= Einsatzgruppe Serbia =

Military grouping

Einsatzgruppe Serbia was a grouping of the German Schutzstaffel

Einsatzgruppe Serbia (EG Serbia), initially named Einsatzgruppe Yugoslavia (EG Yugoslavia), was a German Schutzstaffel (SS) grouping in the German-occupied territory of Serbia during World War II. Directly responsible to the Reich Security Main Office (Reichssicherheitshauptamt, RSHA) in Berlin, EG Serbia consisted of representatives of the various offices (Ämter) of the RSHA, particularly Amt IV – the Gestapo (Secret State Police), Amt V – the Kriminalpolizei (Criminal Police, or Kripo), and Amt VI – the Ausland-Sicherheitsdienst (Foreign Intelligence Service, or Ausland-SD). It also controlled the 64th Reserve Police Battalion of the Ordnungspolizei (Order Police, Orpo). While formally responsible to the Military Commander in Serbia via the head of the administrative branch of the military headquarters of the occupied territory, the chief of EG Serbia reported directly to his superiors in Berlin.

==Background==
===Pre-war activities in Yugoslavia===
In 1936, the chief of the Belgrade General Police, Dragomir Jovanović attended the International Police Conference in Berlin, along with two subordinates. Jovanović's Belgrade General Police were the political police of the Belgrade City Administration, and had been closely involved in the suppression of the Communist Party of Yugoslavia since it was banned in 1920. At the conference, Jovanović supported the motion of the Polish delegates to extend the activities of the International Criminal Police Commission to cooperation against international communism. He also supported the candidature of the director of the German Gestapo, Reinhard Heydrich, to be president of the commission, and had discussions with Gestapo officials about the fight against international communism. In January 1937, Jovanović again travelled to Berlin, this time with Milan Aćimović, the Belgrade City Administrator, who was also a confidant of the Prime Minister of Yugoslavia, Milan Stojadinović. The two Yugoslavs met with Reichsführer-SS and Chief of German Police in the Reich Ministry of the Interior, Heinrich Himmler, and Heydrich, and agreed on cooperation and the exchange of police liaison officers between Yugoslavia and Germany.

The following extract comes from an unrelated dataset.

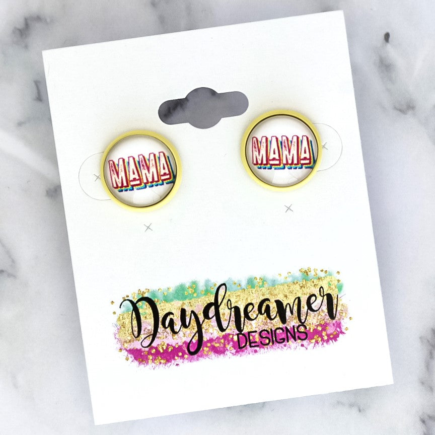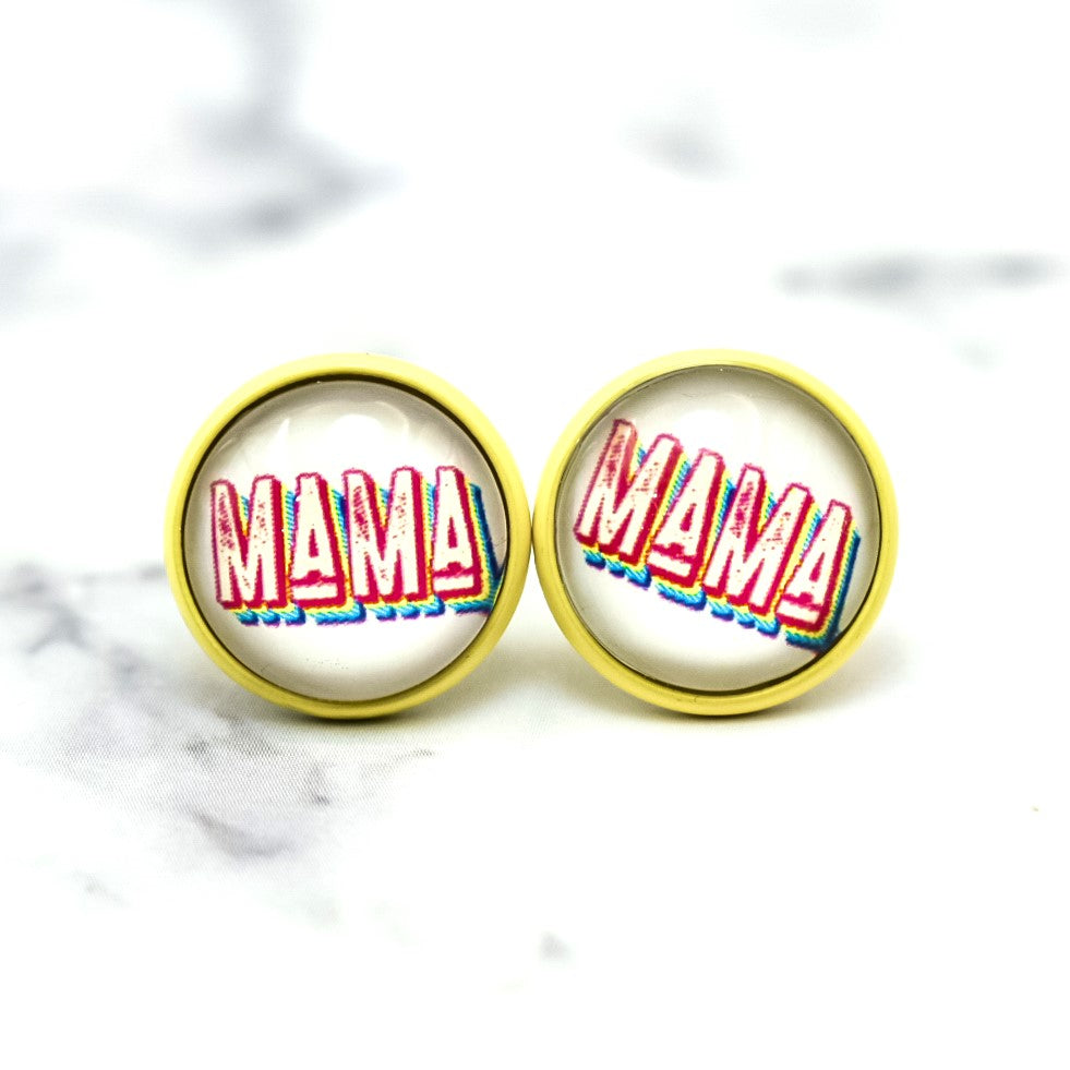 Shown are 12mm stud earrings. This is our most popular size for both adults and kids!
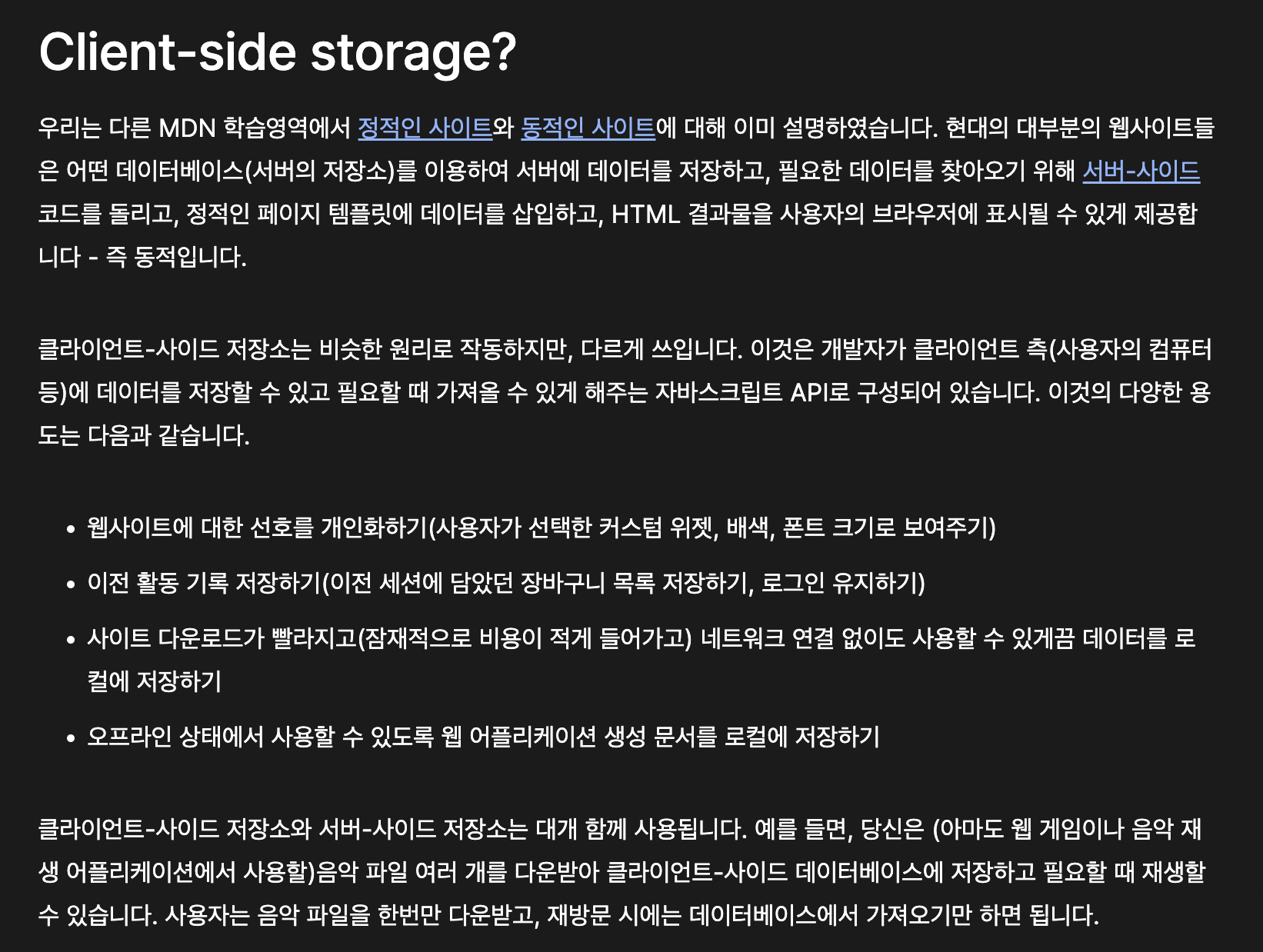 https://developer.mozilla.org/ko/docs/Learn/JavaScript/Client-side_web_APIs/Client-side_storage

In early January 1938, SS-Sturmbannführer (SS-Major) Hans Helm was appointed as a police attaché to the German diplomatic mission in Belgrade. Helm was a protege of the senior Gestapo official, Heinrich Müller, and his appointment to the position was encouraged by Jovanović and Aćimović, whom he had met when they visited Berlin. The German ambassador, Viktor von Heeren, was a former member of the diplomatic corps of the pre-Nazi Weimar Republic, and was wary of Helm and his role, and concerned about what impact the Gestapo official would have on Germany's relationship with the Stojadinović government. In December 1938, Aćimović was appointed as Minister of the Interior in the Stojadinović cabinet, but in early February of the following year, Stojadinović fell from power, and Aćimović also lost his portfolio. At the same time, Jovanović was transferred to an advisory role in the Ministry of the Interior. However, both men maintained their contact with Helm, with Jovanović allegedly permitting a secret German Abwehr (military intelligence) radio to be installed in his home. Helm maintained contact with several Germanophile officials within the Belgrade City Administration, including a White émigré Russian, Nikolaj Gubarev, an agent with the anti-communist Section IV of the Belgrade General Police. Helm cultivated Gubarev as an informant, part of an intelligence network he established throughout the country to collect political and military information, including information about British and French intelligence services operating in Yugoslavia. Helm's connection to Gubarev was known by the intelligence staff of the Supreme Command of the Royal Yugoslav Army, and as a result, in late 1939, Gubarev was transferred away from Belgrade. In addition to his intelligence work, Helm also collected commercial information, helping a German company obtain a concession to explore for oil in Yugoslavia ahead of British interests. On 27 September 1939, the Gestapo and its parent organisation, the Sicherheitspolizei (Security Police, or SiPo), was placed under the umbrella of the new Reich Security Main Office (Reichssicherheitshauptamt, RSHA), now commanded by Heydrich, and the Gestapo became Amt (Office) IV of the RSHA, with Müller as its chief.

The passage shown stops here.